Computational considerations permitting.

⁵

A multi-component cut using other flare model parameters does not result in a significant improvement, or does introduce clear biases.

⁶

We report the probability in terms of number of sigmas in order to normalize the distribution of the values, thus a low probability turns in a high value of F_NSIGMA_FLCON that show that the improvement by adding the flare model to the constant is hardly by chance.

⁷

Since minor changes to the detection tools take place across different versions of the Science Analysis System (SAS) and different releases of the catalog not only add new entries but also re-run the detection for some observations, we warn that the reported coordinates can slightly change if compared to a given catalog distribution, as well as the source number (that is ordered based on the predicted count rate, from the highest to the lowest).

⁸

http://xmm-catalog.irap.omp.eu/

Appendix A Data analysis and labels definition

As described in Section 1, recently we extended the search for aperiodic variability of XMM-Newton/EPIC sources that is part of the EXTraS project (De Luca et al. 2021). While a complete description of the work will be presented in a future paper (Marelli et al. in prep.) and the results will be publicly available through a dedicated site (https://www.iasf-milano.inaf.it/extras/), we report here the main implementations that concern this work.

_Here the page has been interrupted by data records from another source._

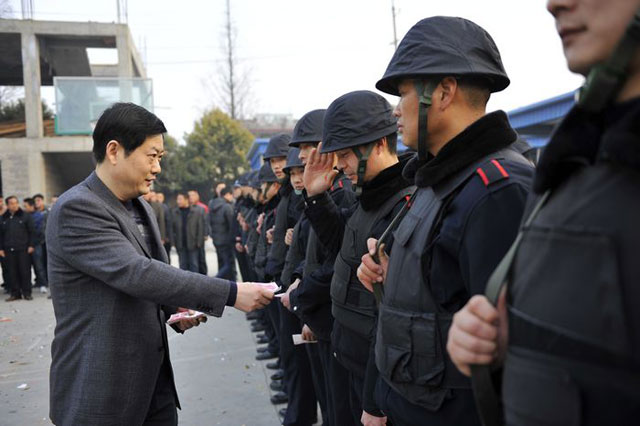 2月3日大年初一上午,市公安局黨委委員、副局長、紀(jì)委書記初曉在公司總經(jīng)理婁伯翱、副總經(jīng)理王克、徐文剛的陪同下,親切慰問了總公司武裝押運員并發(fā)放了慰問金。初書記代表市局黨委向大家拜年并致以節(jié)日的問候和祝福!
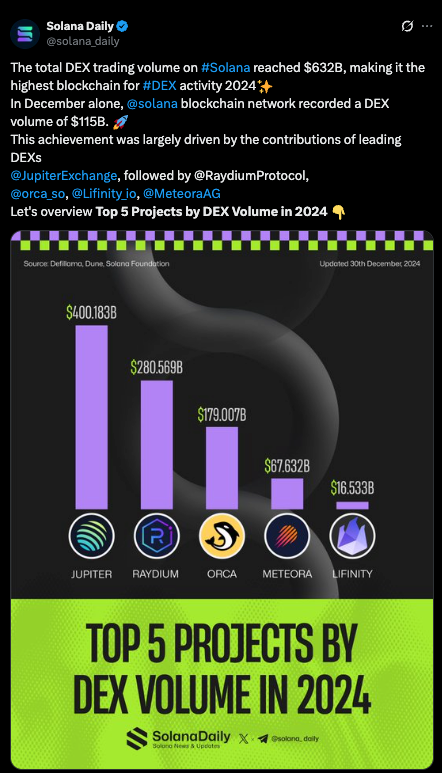 Irrespective of the lack of utility or general inability of most memecoins to hold their value, this phenomenon made clear that Solana was gaining acceptance among retail users. The chain recorded lofty daily transaction values, hitting 66.9M daily transactions by the end of 2024. The network’s monthly DEX volume even surpassed that of Ethereum’s by year’s end, and exceeded $100B in both November and December.
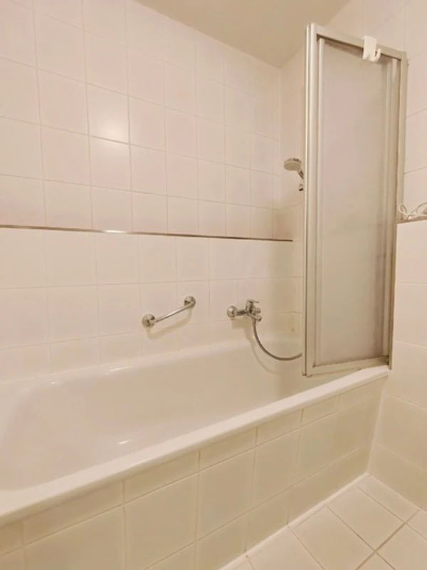 Das Badezimmer verfügt über eine Badewanne, WC sowie einem Waschtisch mit beleuchteten Spiegel.

The new EXTraS-Aperiodic project extends the original data set of EXTraS to all the public XMM-Newton observation from its launch to the end of 2020.

Apart from minor changes, e.g. script optimization and bug fixes, the exposure light curves (LC) extraction is basically the same, taking as inputs the raw ODF XMM-Newton data and the sources and their parameters from the XMM serendipitous source catalog⁸.

We merge the (uniform bin) LC in count rate from different cameras (pn and the two MOSs) into a single LC in flux. For each time bin, the count rate was converted to 0.2–12 keV flux using information from the XMM-Newton source catalog. The contemporaneous bins from the three cameras were then merged by computing a weighted mean, with the associated uncertainties propagated accordingly. This allows us to take into account the different characteristics of each camera to produce a consistent LC for the entire observation, even in the periods in which one or more cameras are off.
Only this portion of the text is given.